On Sept. 11, Michigan representatives proposed an internet content ban bill unlike any of the others we’ve seen: This particularly far-reaching legislation would ban not only many types of online content, but also the ability to legally use any VPN.
The bill, called the Anticorruption of Public Morals Act and advanced by six Republican representatives, would ban a wide variety of adult content online, ranging from ASMR and adult manga to AI content and any depiction of transgender people. It also seeks to ban all use of VPNs, foreign or US-produced.
Main issue I have with this article, and a lot of articles on this topic, is it doesn’t address the issue of youth access to porn. I think any semi-intelligent person knows this is a parenting issue, but unfortunately that cat’s out of the bag, thanks to the right. “Proliferation of porn” is the '90s crime scare (that never really died) all over again. If a politician or industry expert is speaking against bills like this, their talking points have to include:
- Privacy-respecting alternatives that promise parents that their precious babies won’t be able to access that horrible dangerous porn! (I don’t argue that porn can’t be dangerous, but this is yet another disingenuous right-wing culture (holy) war)
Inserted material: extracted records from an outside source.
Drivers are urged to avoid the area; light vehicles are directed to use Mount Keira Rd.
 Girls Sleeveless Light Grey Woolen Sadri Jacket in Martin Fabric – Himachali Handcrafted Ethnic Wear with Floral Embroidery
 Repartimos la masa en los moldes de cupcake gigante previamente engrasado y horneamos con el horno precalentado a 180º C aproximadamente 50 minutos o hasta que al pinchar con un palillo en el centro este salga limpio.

- Addressing that vagueness in the bill sets up the government as morality police (it’s right there in the title of the bill, FFS), and NOBODY in a “free” country should ever want that.
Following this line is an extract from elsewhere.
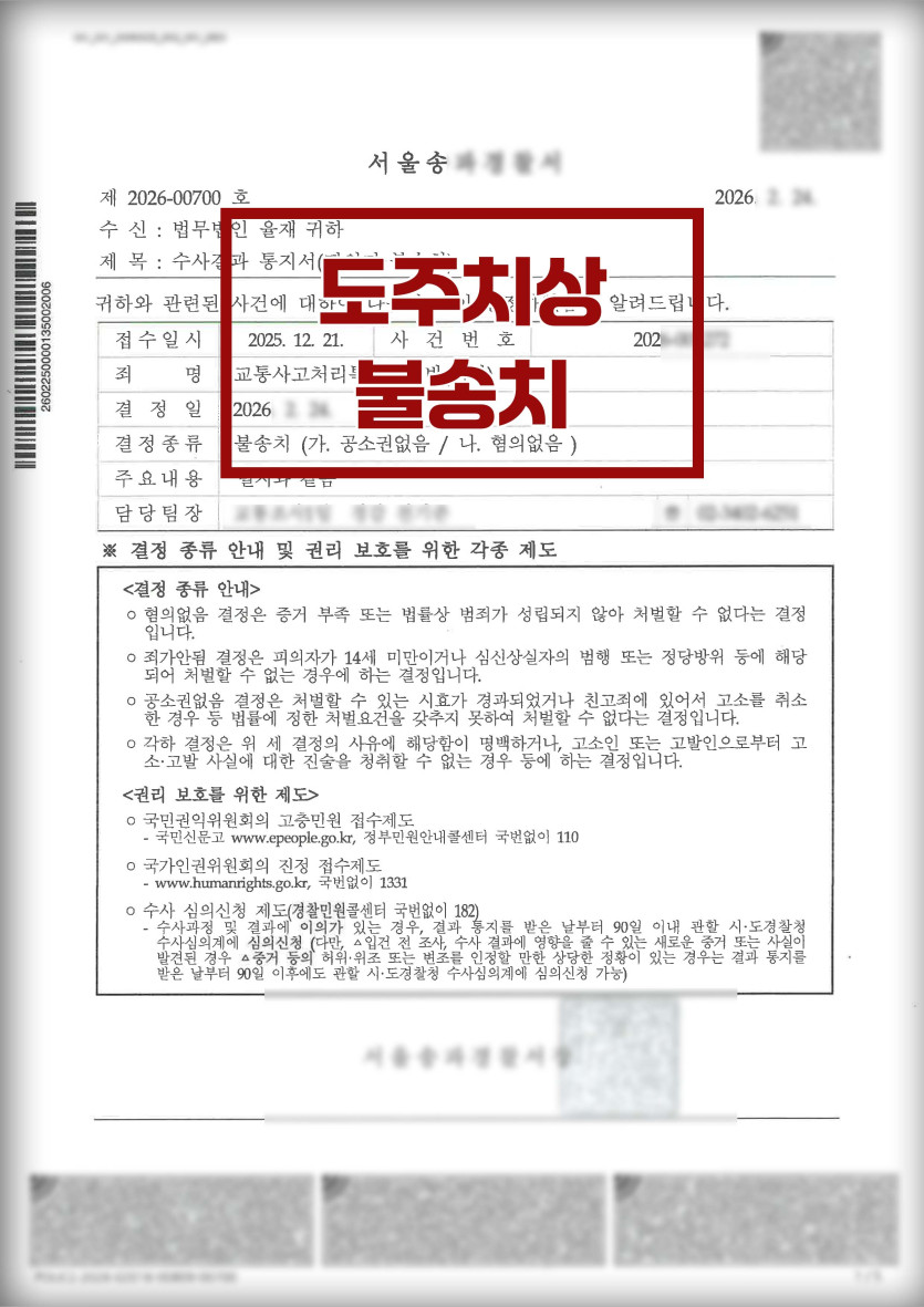 경찰 단계 '불송치 결정'과 '면허취소 행정처분 취소'로 방어하였습니다.
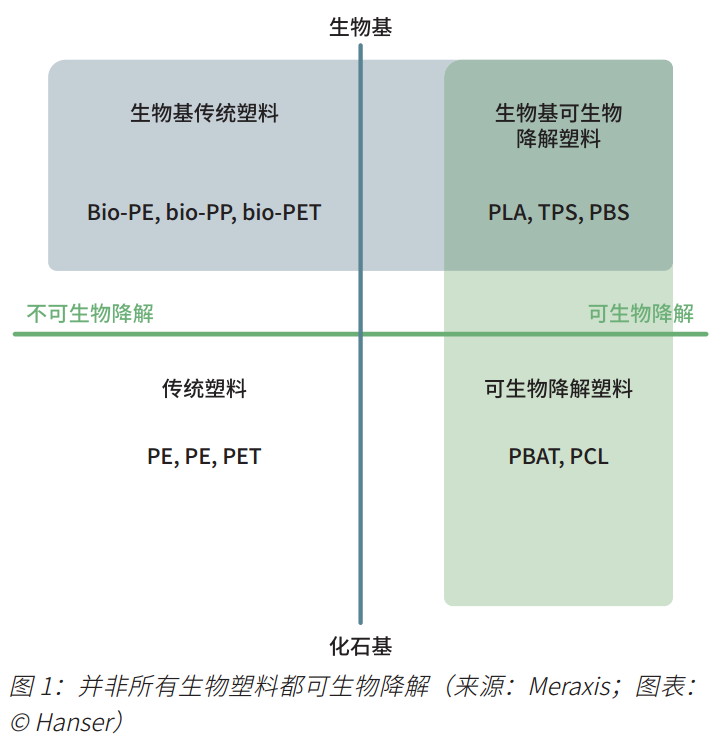 生物聚合物这一术语同时涵盖了生物基聚合物和可生物降解聚合物(图1)。在工业领域,对这两类聚合物进行区分至关重要。生物基聚合物完全或部分来源于可再生原料,但其本身并非一定可生物降解。例如,生物聚乙烯(bio-PE)和生物聚丙烯(bio-PP)虽是生物基材料,但其化学结构与化石基同类产品完全一致,因此不可生物降解。相反,某些化石基聚合物却能够完全生物降解。例如,聚己二酸-对苯二甲酸丁二酯(PBAT)和聚己内酯(PCL)源于化石原料却具有生物可降解性。

- Stop saying it can be bypassed with technology. The VPN ban in this bill is a reaction to talking points like that.
- Recognize and call out that this has nothing to do with protecting children and everything to do with a religious minority imposing its will on the rest of the country (plenty of recent examples to pull from here).
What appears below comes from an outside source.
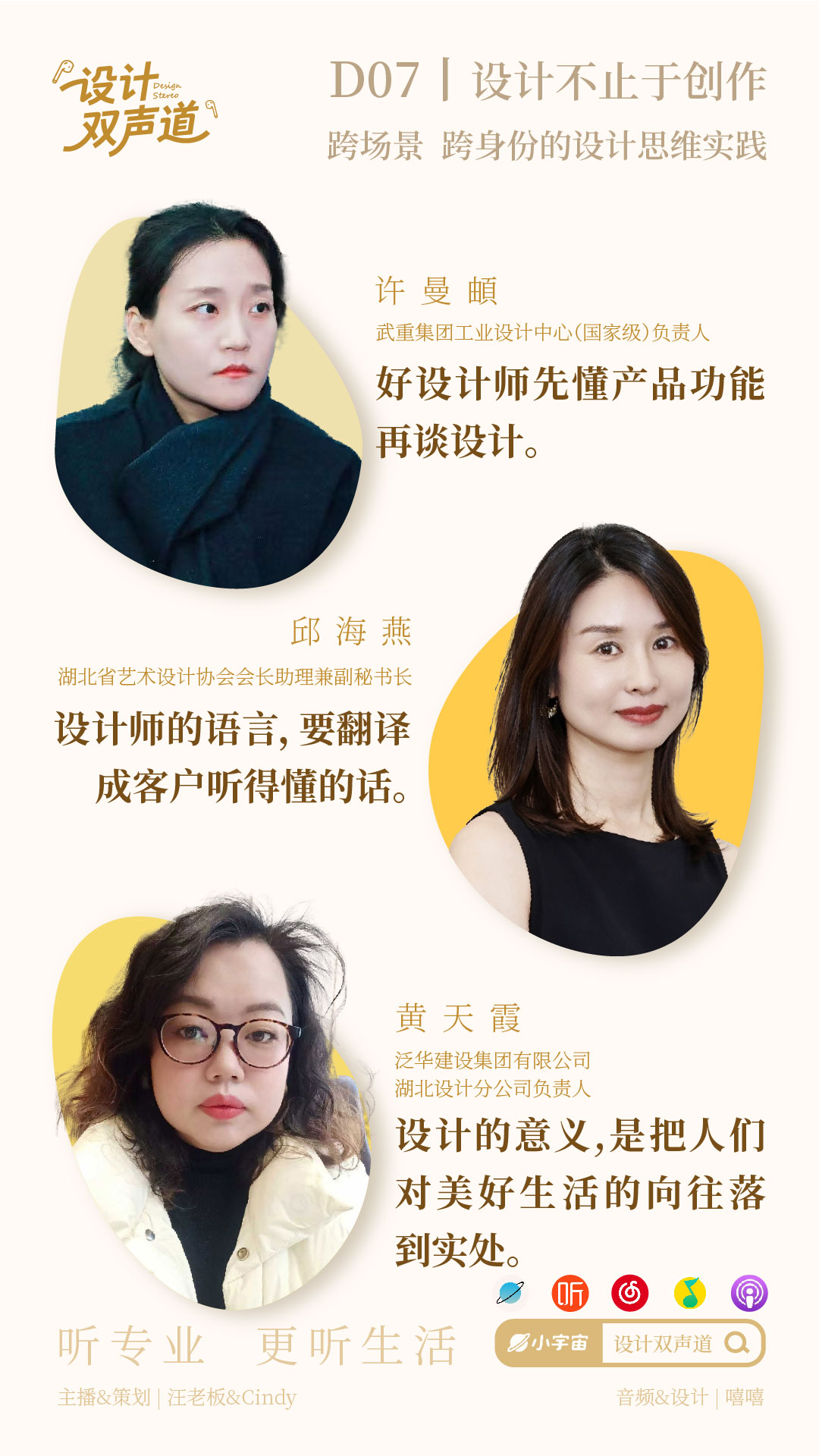 今天,我们特别邀请了三位老朋友。她们来自设计相关的不同领域:从国企工业设计跨界政府挂职的职场妈妈,非科班出身却深耕设计行业的全能从业者,还有以市政设计点亮城市美好生活的设计企业负责人。她们以各自的方式,践行着 “设计不止于创作” 的理念,也生动诠释着:设计,本就渗透在工作与生活的每一处细节里。
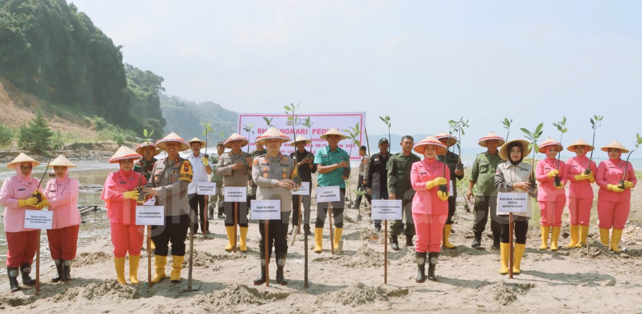 Polres Tulungagung dan Bhayangkari Gelar Baksos dan Tanam Mangrove Sambut Hari Bhayangkara Ke-79

Unfortunately this is becoming enough of “A Thing” that the left is going to have to, once again, be seen doing “something” about it. So they have to thread a needle of “protecting kids,” while respecting the privacy of their parents who want their kids protected and want to look at porn, and protecting businesses that require secure communications.
They are testing the waters. Just because THIS bill won’t pass it doesn’t mean dismiss it. They really, really, really want to take away privacy as a concept, they want to get ALL up in your private life and they would love to make special camps to send you to if you don’t conform to the picture they want for America.
After this we will see more and more vague and abstract attempts at carving away smaller slices of privacy. Regulations on SOME vpn’s, the closing of a few major open-source software systems like any website hosting downloads of things like TOR (“it’s a terrorist tool! Antifa coordinates with it!”) and the like. Then attempts at defining what a VPN is, defining what “porn” is, and such moves to prepare for more sweeping legislation that will sound more appealing to congresses, both state and federal.